What Happened on 01/28/2025

We are burying my mom today. It is 01/28/2025. Why is it so hard to comprehend? Each of us live and each of us die. It is a gracious fact of life. 

It feels however, like a horrible punch in the gut. My little mom placed in that big blue box and dropped into a hole in the ground.

It doesn’t feel like a gracious gift. 

It is a gift, however. Her mind and her body were broken. 

As she slipped out of this life and into the next, the King of all Kings was waiting, was watching. He knew everything about her. 

He knew more about her than she knew about herself. 

Did He have to remind her? Did He have to introduce Himself? 

No. 

She knew. 

She knew as she was known. 

My beautiful little mother became who she was created to be. 

This day is a day to celebrate Helen’s life which just started on the other side of Glory. 

Death looks different on the other side. It is the release from the hostilities of our Broken World.

This gift is given by God because He did not want us to live forever in this Hostile Broken Place. 

It is difficult for those of us left here. How do we accept, or comprehend it? How do we go on without the light she provided?

We will go on in a darker place, asking, and desperately seeking; Light.

(Genesis 3:22)

Unprepared

I was unprepared for the emotions that slapped me yesterday. 

My family was celebrating Easter Sunday. It should have been a day of awe at the incredible gift of the resurrection of Jesus… but, instead, my unresolved grief had me in a rotten mood. 
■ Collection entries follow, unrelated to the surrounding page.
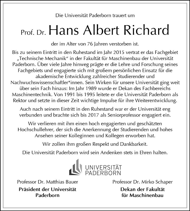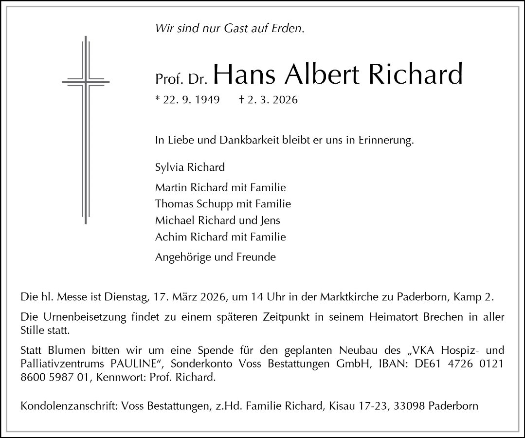 Prof. Dr. Hans Albert Richardgestorben am 2. März 2026
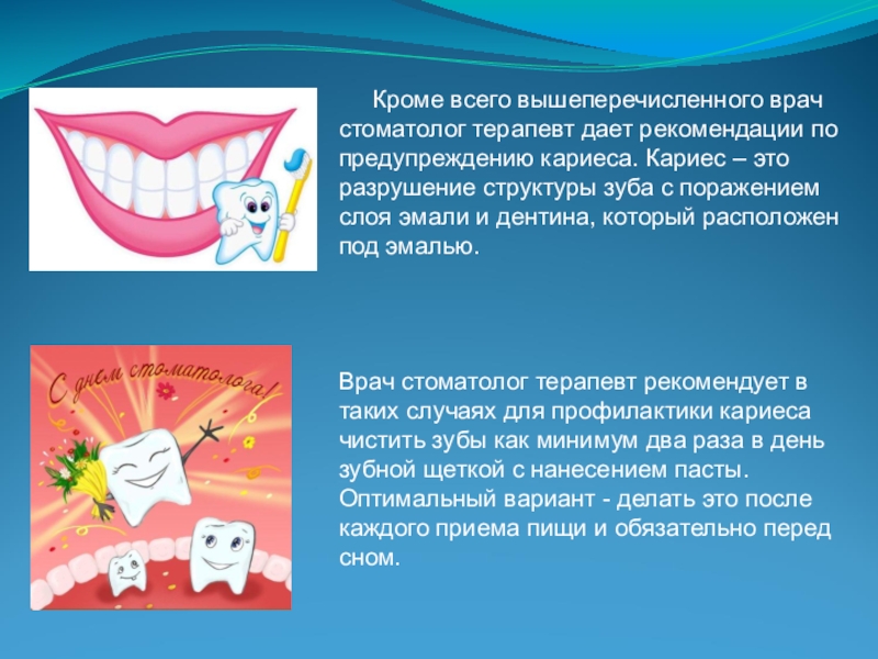 Слайд 9 Кроме всего вышеперечисленного врач стоматолог терапевт дает рекомендации
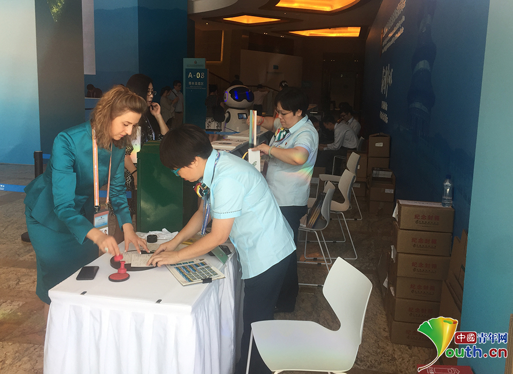 陳蘭穎說,這位記者朋友非常喜歡中國(guó)文化,為了給此次峰會(huì)留個(gè)紀(jì)念,他挑選了許多張不同畫風(fēng)的明信片寄給親友。“這個(gè)是什么?”一張主圖為天壇圖案的郵票深深吸引了路透社記者。“這個(gè)是天壇,中國(guó)老祖宗祭天神的地方。”陳蘭穎一聽這個(gè)外國(guó)朋友會(huì)說些中文,便饒有興趣地向他介紹了一番。在陳蘭穎的幫助下,路透社記者將每張明信片貼好郵票,寄給世界各地的親友。臨走時(shí),他向陳蘭穎豎起大拇指。
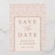 Elegant, art deco wedding save the date postcard featuring a rose gold foil arch pattern with a cream background. Personalise the front of the modern art deco save the date postcard with your names and wedding date in rose gold foil lettering. The back of the foil save the date postcard features your return address and wedding details such as the date, location, wedding website, etc. Designed to coordinate with our Modern Arch Deco wedding collection.

It has been three months since my mother’s death. I assumed that the rolling grief that cycles through my bitty-brain had temporarily run its course. 

I had so much to do, after all. 

Preparing for a holiday is a bit daunting for an unorganized introvert. I was not graced with the natural ability to host that my mother had. She made everything look so easy. Most likely, it was easy for her. 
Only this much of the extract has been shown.